In a http://www.commercialradio.com.au/content/mediareleases/2019/2019-02-25-cra-submission-to-digital-platforms-inq (submission to government), Commercial Radio Australia, the Australian equivalent of the UK’s Radiocentre, asks for, among other things, a legal requirement that people shoyld remove links to live radio streams, and podcasts, if the content owners ask.

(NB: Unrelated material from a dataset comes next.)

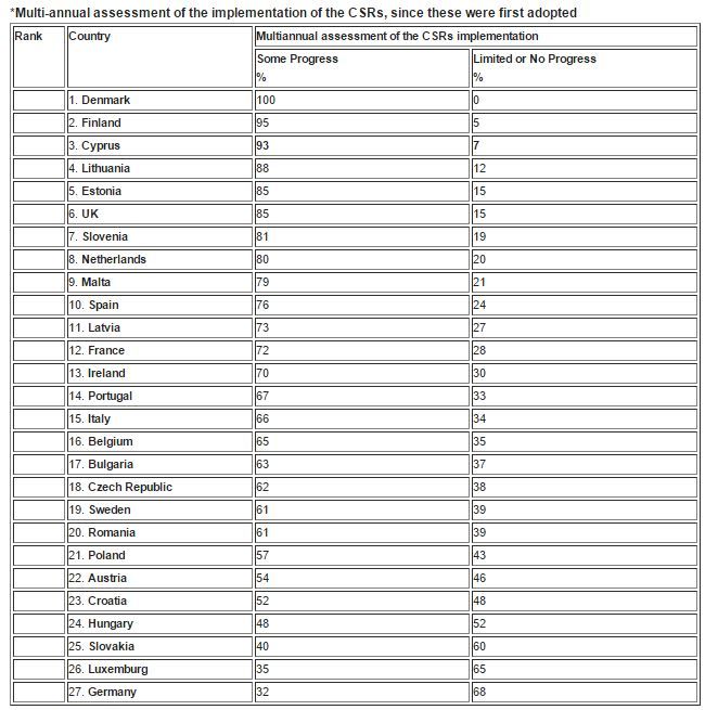 Οι Συστάσεις της Ευρωπαϊκής Επιτροπής σχετικά με το Εθνικό Πρόγραμμα Μεταρρυθμίσεων της Κύπρου για το 2017 (Country Specific Recommendations), είναι σε έναν μεγάλο βαθμό ευθυγραμμισμένες με τις προτεραιότητες της κυβέρνησης. Χωρίς αμφιβολία, η διασφάλιση της ανταγωνιστικότητας και της αναπτυξιακής προοπτικής επιβάλλει μια διαρκή μεταρρυθμιστική προσπάθεια. Σημειώνεται το γεγονός ότι η Κύπρος καταγράφει την τρίτη καλύτερη επίδοση στην εφαρμογή των Συστάσεων και του Εθνικού Προγράμματος Μεταρρυθμίσεων*.

The reason given is that other places might link to live streams or to podcasts, and therefore people won’t visit radio station websites any more, and therefore radio companies will lose out on the revenue from ad banners on those websites.
Well.
First: there’s no need to get government involved. If you don’t want others linking to your live stream, you can protect it: just ask Netflix, Spotify or even Apple’s Beats 1. If you don’t want others linking to your podcasts, just remove the RSS feed and nobody will be able to link to your podcasts any more. Technology to protect streams and files has been available for at least twenty years.

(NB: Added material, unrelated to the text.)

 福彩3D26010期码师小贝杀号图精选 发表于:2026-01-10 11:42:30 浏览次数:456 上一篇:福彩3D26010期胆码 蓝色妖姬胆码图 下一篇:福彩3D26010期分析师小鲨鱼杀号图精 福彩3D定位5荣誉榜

Second: for an ad-funded platform, it’s absolutely the wrong strategy to limit your potential audience. Your main goal should be to get more listeners to your ad-funded content.
Third: podcasting, in particular, works by a podcaster publishing an RSS feed. This feed is published deliberately to help other websites and apps to find individual episodes — without formal permission being given. The whole point, and success, of podcasting is that it’s open. To bring legal protection against people linking to your podcast is dangerous for the entire medium.

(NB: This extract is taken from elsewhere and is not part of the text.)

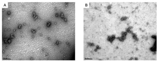 Colloidal chitosan/tripolyphosphate (CS/TPP) particles prepared by ionic gelation have attracted significant attention as potential delivery vehicles for drugs, genes, and vaccines. Yet, there have been several fundamental studies that showed these particles disintegrate at physiological pH (pH 7.2–7.4) and ionic strength levels. Echeverri-Cuartas et al. [] explored the possibility of improving a TPP-crosslinked CS NP stability through a chemical modification of CS. Specifically, CS samples with either 76% or 92% degrees of deacetylation (DD) were grafted with either polyethylene glycol (PEG), or folic acid (F). Within the degrees of substitution (~1% for PEG, and 3% and 6% for F), neither PEG nor F qualitatively improved CS NP stability at physiological conditions (pH 7.2). Another way to improve this stability was explored by Abdelgawad et al. []. They used hexametaphosphate (HMP) instead of TPP as a cross-linking agent. HMP is a hexavalent molecule in the neutral and slightly basic medium which offers more binding sites readily available for interaction with CS. It is thought that increasing the availability of the binding sites in the HMP molecule would result in stronger ionic complexation with CS cationic moieties. Consequently, such stronger binding should improve particles’ stability and lead to average size reduction. A comparative study between CS/TPP and CS/HMP NPs under different complexation conditions was conducted to investigate the effect of HMP on NPs formation. Although the drug loading efficiency of BSA, 96.3%, was higher than when using TPP, 91.87%, the TPP cross-linked particles showed superior stability upon storage. Cai and Lapitsky [] proved that the particles could be stabilized by their bioactive payloads. They studied the enhancement of the CS/TPP particle stability at physiological ionic strengths, using 150 mM NaCl (pH 5.5) and PBS (pH 6.0) as the dissolution media when associating the CS/TPP particles with model anionic proteins (α-lactalbumin, α-LA, and bovine serum albumin, BSA) and polynucleotides (DNA). Light scattering and UV–VIS spectroscopy revealed that anionic protein uptake had no impact on particle stability. It was likely due to the relatively weak protein/particle binding at near-physiological ionic strengths, which caused the protein to be rapidly released. Conversely, a DNA uptake increased the CS fractions persisting in a complexed/particulate form in model dissolution media, with the DNA remaining largely complexed to the CS at all investigated conditions. The results suggested that, while most bioactive payloads do not interact with CS strongly enough to stabilize the CS/TPP particles, these particles can be stabilized to dissolution through the incorporation of polyanions.

And fourth: “permission from the content owners” is an interesting one. The content owners of much of radio’s output are the record companies, not the radio stations. The record companies are in perpetual fights with broadcast radio, and will be delighted to learn that you’ve handed them a way to switch off your internet streams.
The press release seems a scattergun list of issues — everything from better ad measurement, asking for less regulation, asking for more regulation, and asking for money. But the legal requirements about links to streams and especially to podcasts are dangerously misguided; and display a fundamental misunderstanding of how the medium works.
Just count yourself lucky you’re not in Australia.